Multiple internal studies are currently underway looking at support for these data curation issues.
Note that some of these services are provided as needed and are not necessarily automated or
integrated into a system.
Reluctantly toggled for “code review”: we’ve done related HTML review for “research-based websites”
that we’ve acquired, cleaned/modiﬁed, and otherwise curated.
Some conversion may occur through our digital collections unit if the collection is unique; however, this
is more common for cultural heritage materials than research datasets.
Some of these processes are supported by training, but not performed by library staﬀ.
Staﬀ limitations contribute to the “3” responses above.
There can be signiﬁcant costs associated with the reprocessing of information. At this time, that is not
a cost the libraries are willing to accept. However, that does not mean that as new formats are adopted
that there would be an associated method that would be made available for the individual wanting the
data could use as a roadmap.
We might do some of these things if our library selects a dataset to preserve forever (Nobel Prize
winner’s lab notebooks), or if a researcher provided grant funding for library staﬀ involvement.

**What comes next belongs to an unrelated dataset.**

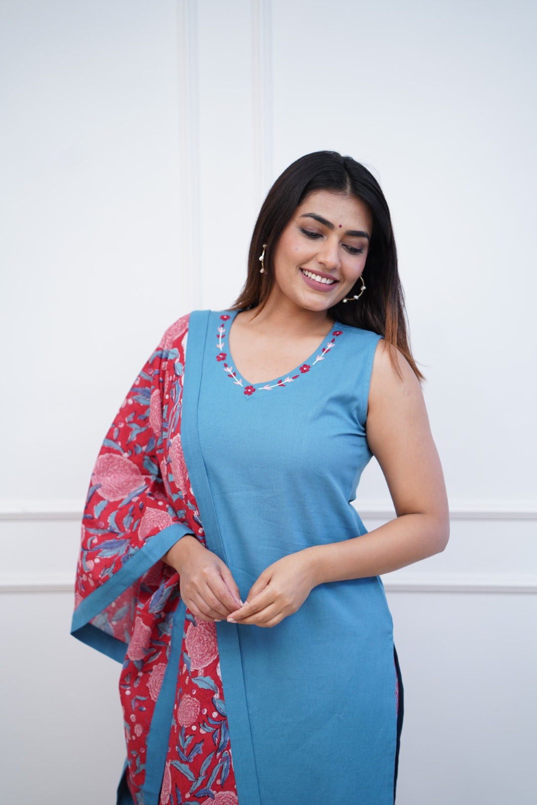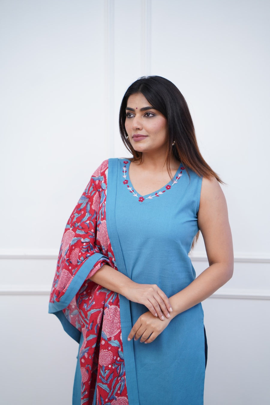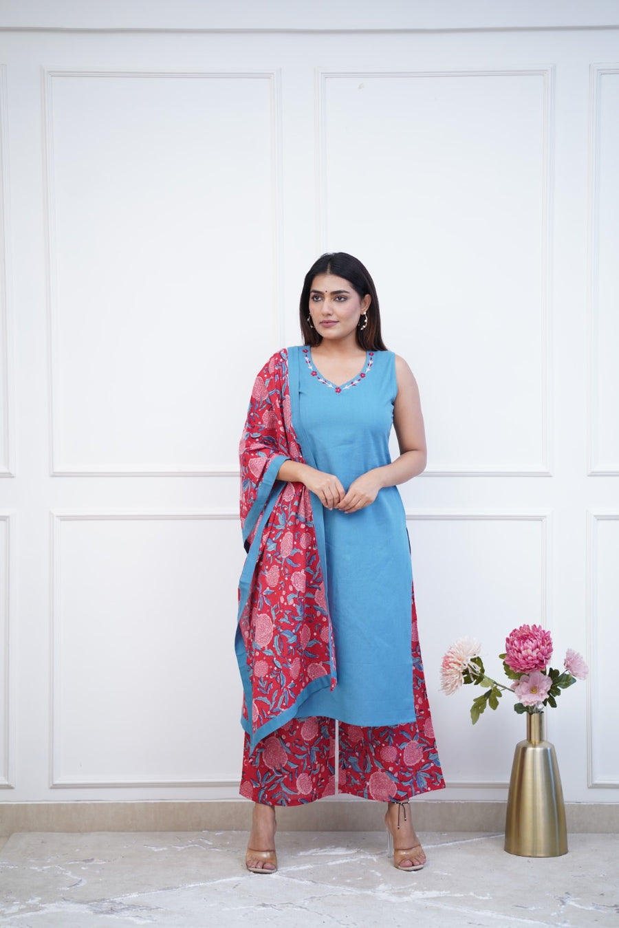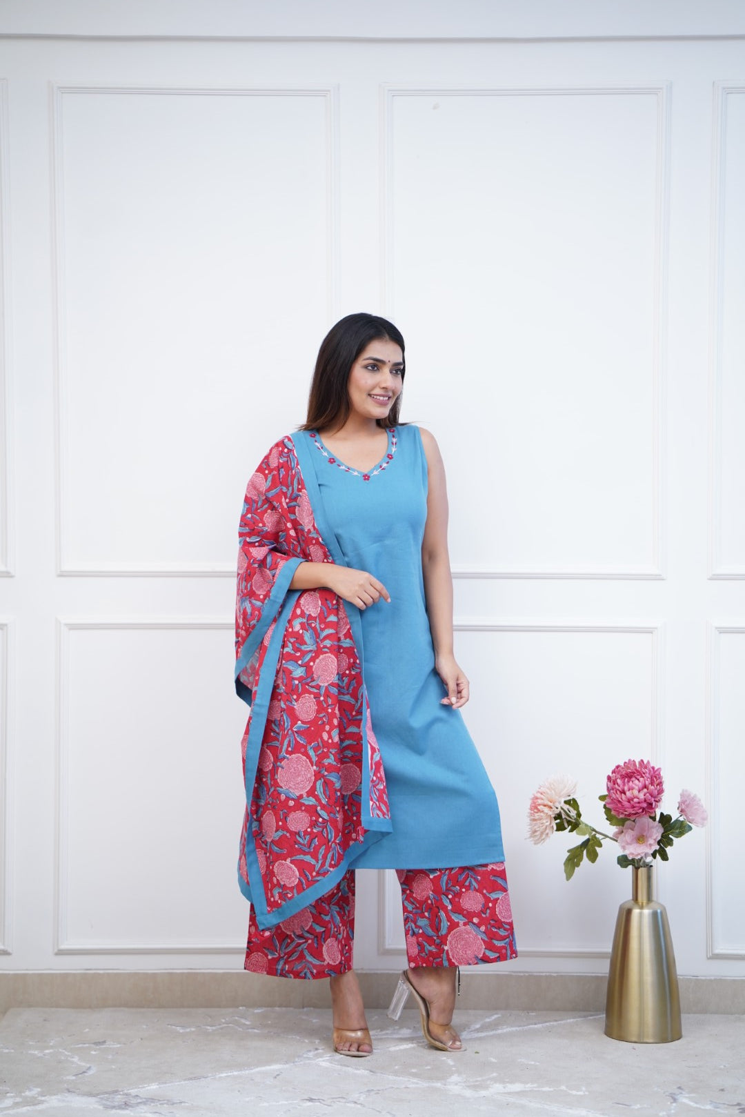 Expertly crafted Sleeveless Dupatta Sets made with high-quality cotton fabric. Available in sizes 36-44, with a kurta length of 46 inches and attached 3/4 sleeves for added comfort. Stylish pant length of 38 inches and a stole style dupatta for a chic look. Perfect for any occasion.

SUPPORT FOR PROCESSING AND REVIEW ACTIVITIES PART 2
Here are descriptions of ten more data curation processing and review activities.
File Inventory or Manifest: The data ﬁles are inspected periodically and the number, ﬁle types
(extensions), and ﬁle sizes of the data are understood and documented. Any missing, duplicate, or
corrupt (e.g., unable to open) ﬁles are discovered.
File Renaming: To rename ﬁles in a dataset, often to standardize and/or reflect important metadata.
Indexing: Verify all metadata provided by the author and crosswalk to descriptive and administrative
metadata compliant with a standard format for repository interoperability.